In 2019 Bickley deployed miniDOT®s at six of the study’s twelve sites alongside salinity and pressure sensors. Sensors were submerged at depths just below average low-tide levels to avoid lapses in data collection. The sites were selected to represent a gradient of urbanization, ranging from forested areas to those which were highly urbanized.
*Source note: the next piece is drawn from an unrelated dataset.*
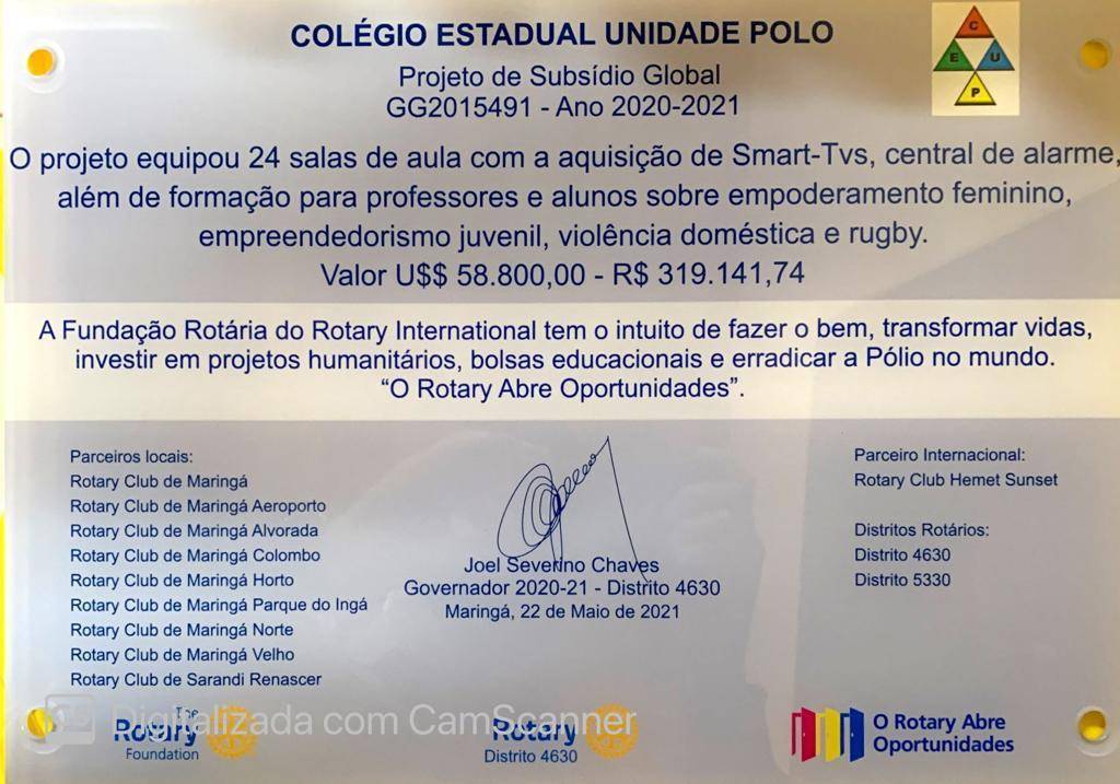 O projeto equipou 24 salas de aula com smart-tvs, central de alarme e ainda formação de professoras e alunos sobre empoderamento femino, empreendendorismo juvenil, violencia doméstica e rugby. Parceria dos Rotarys Clubs de Maringá e Sarandi, Club Hemet Sunset e Distritos 4630 e 5330 de Rotary International. Parabéns a todos os envovidos. Valor do projeto R$ 319.141,71 ou US$ 58.800,00.

Programmed to record at 15-minute intervals, the miniDOT® and other sensors underwent routine maintenance and data retrieval every 2 months on average. The units went largely undisturbed until their final retrieval in 2020. Notably, before their final retrieval Bickley’s miniDOT®s successfully weathered Hurricane Sally which made landfall close to several research sites in September of 2020.

Bickley’s study ultimately found that changes in stream salinity and ecosystem metabolism were detectable in areas featuring even the lowest level of urbanization. Higher levels of urbanization were consistent with greater fluctuations in stream salinity, which in turn are affecting ER. While this study did not establish a direct relationship between ecosystem metabolism and nearby development, Bickley noted that corresponding measurements of GPP and ER did react to urbanization consistently across monitored sites. Altogether, these findings suggest that urbanization is contributing to the disruption of fragile ecosystems and calls for heightened awareness among conservationists and regulatory entities.

Product Description

The miniDOT® Logger is a completely submersible instrument that logs dissolved oxygen and temperature measurements. Data is recorded on the internal SD card and operational functions, like setting time and sample intervals, can be accomplished via USB cable. The oxygen sensor is an optode that measures dissolved oxygen (DO) concentration in water through a fluorescence method. The miniDOT® can withstand temperatures ranging from 0–35°C.